膠着状態は、身体の痛みで魔法に集中出来ない今はありがたいのだが、魔獣たちが動揺している。

『汝、悪魔は倒された。魔獣たちは戦意を失っているぞ。』

師匠が悪魔を倒したって事か。

魔獣たちを使役していた悪魔が居なくなり、魔獣たちが支配下から解放されて動揺し、浮き足だったのか。
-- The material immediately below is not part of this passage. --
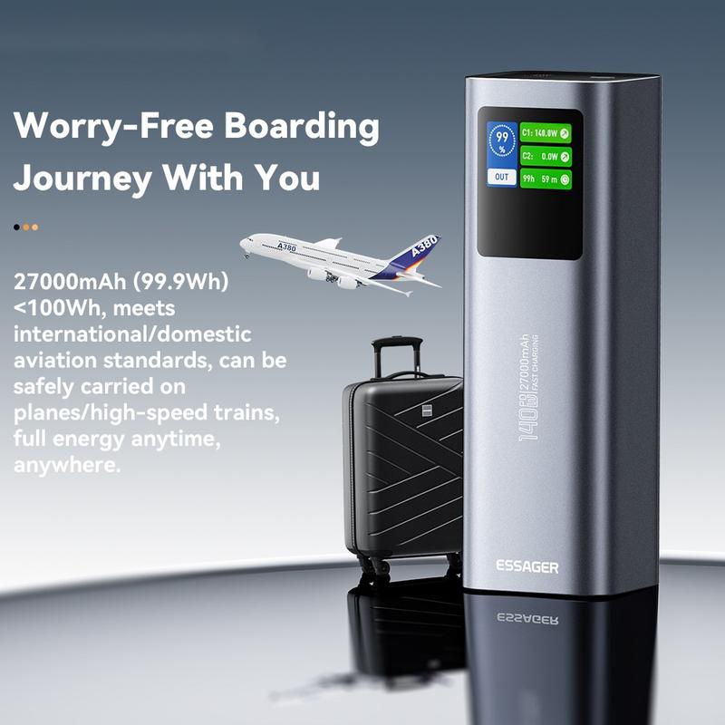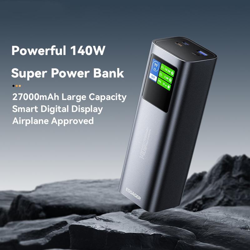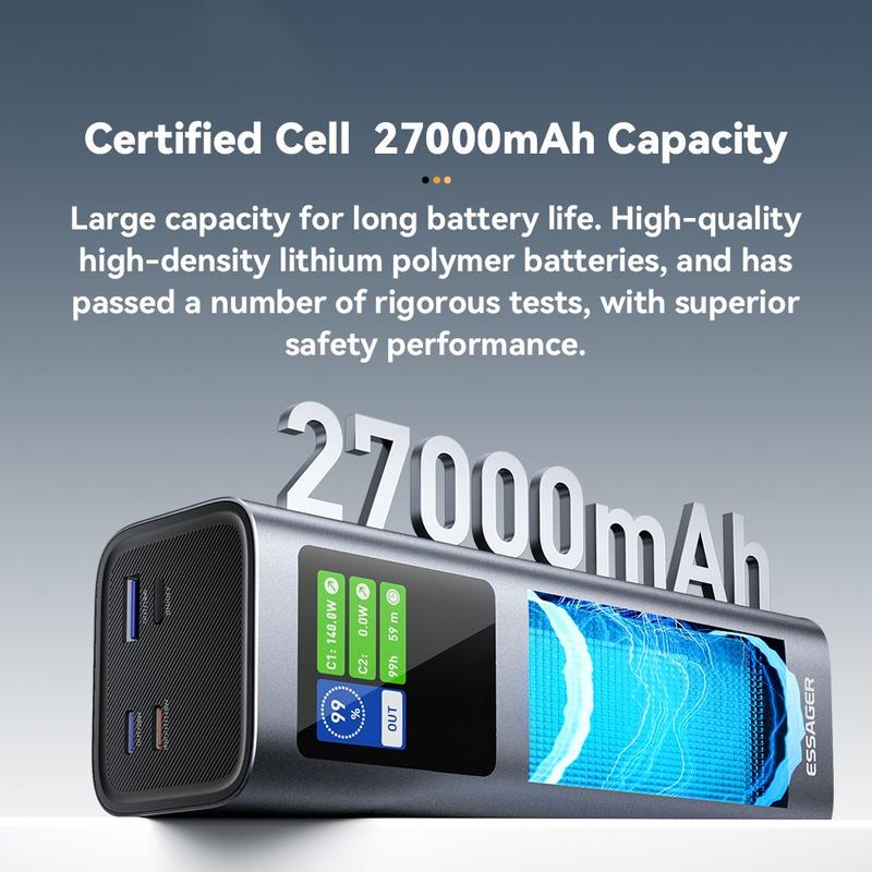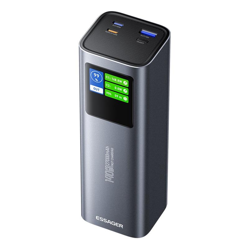 Essager EDY140W-CH0G-Z 27000mAh Power Bank - Charge rapide bidirectionnelle 140 W, triple sortie, puce intelligente avec écran couleur TFT

それならばと、体の痛みを堪えて魔法を幾つも放ち、魔獣たちを倒しながらなんとか進み、アレンさんたちに合流した。

「よう!まさか、ボウズが来るとはな」

アレンさんが笑顔で話しかけてくる。

一応、全員無事な様で安心した。

お互いに無事合流し、更に魔獣たち相手に戦い続ける。

しばらく経ち、魔獣たちが逃げ始めた。

「やれやれ、やっと終わりですかね」

カイラスさんが逃げ遅れた魔獣を倒しながら言う。

「よくも生き残れたものね」

ショートソードを地面に刺し、全身で息をしているようなリィズさんは、完全に座り込んでいた。
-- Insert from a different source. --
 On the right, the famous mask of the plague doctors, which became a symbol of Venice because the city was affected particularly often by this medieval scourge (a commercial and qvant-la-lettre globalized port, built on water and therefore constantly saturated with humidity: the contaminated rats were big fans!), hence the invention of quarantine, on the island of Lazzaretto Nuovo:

「伊達に上位冒険者チームを名乗っていないってことさ」

ロンドさんも座り込む様で、周りを見ると全員が座り込んでいた。

神の目を使い、魔獣たちが潜んでいないか確認し、安全だと分かった瞬間、僕も膝から崩れて座り込んだ。

しばらく誰も話せず、荒い呼吸ばかりであったが、徐々に呼吸を整えたのか、静まりかえってきた。
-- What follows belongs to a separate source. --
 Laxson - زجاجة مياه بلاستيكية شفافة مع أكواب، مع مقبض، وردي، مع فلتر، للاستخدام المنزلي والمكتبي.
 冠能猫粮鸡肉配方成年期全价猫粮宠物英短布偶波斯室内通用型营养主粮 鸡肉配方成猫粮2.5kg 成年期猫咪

僕は仰向けになっていて、空を見るとまだ夜明け前であった。

少し回復したようだが、皆座り込んだままか、寝転がったまま考えていたが、多分、1番元気な僕が皆を小屋まで連れて行くべきだなとあたふたしている間に、師匠が近づいていた。

「お疲れさんだな。アレン」

師匠にしては軽い挨拶だな、一仕事終えたからかな。

「シファさん、悪魔5人相手に勝つとは流石ですね」

「いや、悪魔そのものには逃げられたよ。下位の悪魔だけさ。そんな事よりも、とりあえずは小屋に戻って休もう、折角勝ったのに風邪を引きたくもないだろう?さぁ」

師匠がアレンさんに手を差し伸べる。

アレンさんが手を取り、起ち上がる。

皆、ヨロヨロと起ち上がると、誰ともなく勝ち鬨を発した。

何となく皆を見回すと、お互い見ているようで、ひとしきり笑いあい、そうして、フラつきながらも小屋に帰り、それぞれの部屋に戻ってひたすら眠った。